=== Available data ===
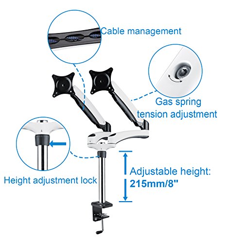 8”/215mm stand axle with lock nut allows arms height adjustment. Cable management makes cable neat and desk organized.
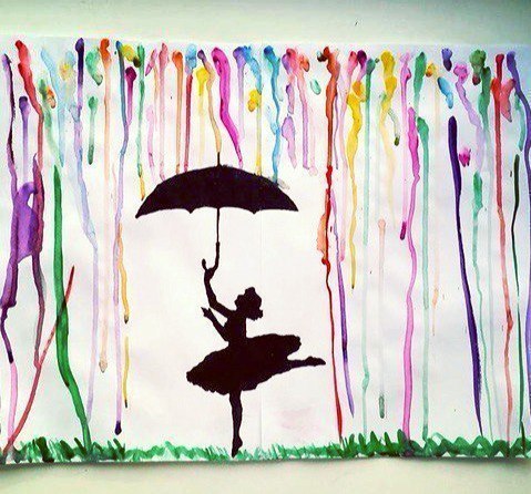 Балеринку с зонтиком нарисуйте или вырежьте по трафарету. Лист с девочкой поместите вертикально. Пусть ребёнок капает разведённой краской разных цветов сверху. Цвета пусть малыш выбирает по своему вкусу. Ждите, когда краска стечет и высохнет.
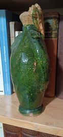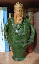Tre rari recipienti antropomorfi in ceramica dipinta e smaltata, utilizzati anche come fiaschette, bottiglie o lucerne. Di tipica produzione artigianale del Sud Italia dell'inizio del Novecento. Dimensioni 25x14 cm. circa, in buono stato con piccole imperfezioni date

=== What you will do ===
Recreate the listing above word for word, dropping each picture it contains.

=== Expected output ===
 8”/215mm stand axle with lock nut allows arms height adjustment. Cable management makes cable neat and desk organized.
 Балеринку с зонтиком нарисуйте или вырежьте по трафарету. Лист с девочкой поместите вертикально. Пусть ребёнок капает разведённой краской разных цветов сверху. Цвета пусть малыш выбирает по своему вкусу. Ждите, когда краска стечет и высохнет.
Tre rari recipienti antropomorfi in ceramica dipinta e smaltata, utilizzati anche come fiaschette, bottiglie o lucerne. Di tipica produzione artigianale del Sud Italia dell'inizio del Novecento. Dimensioni 25x14 cm. circa, in buono stato con piccole imperfezioni date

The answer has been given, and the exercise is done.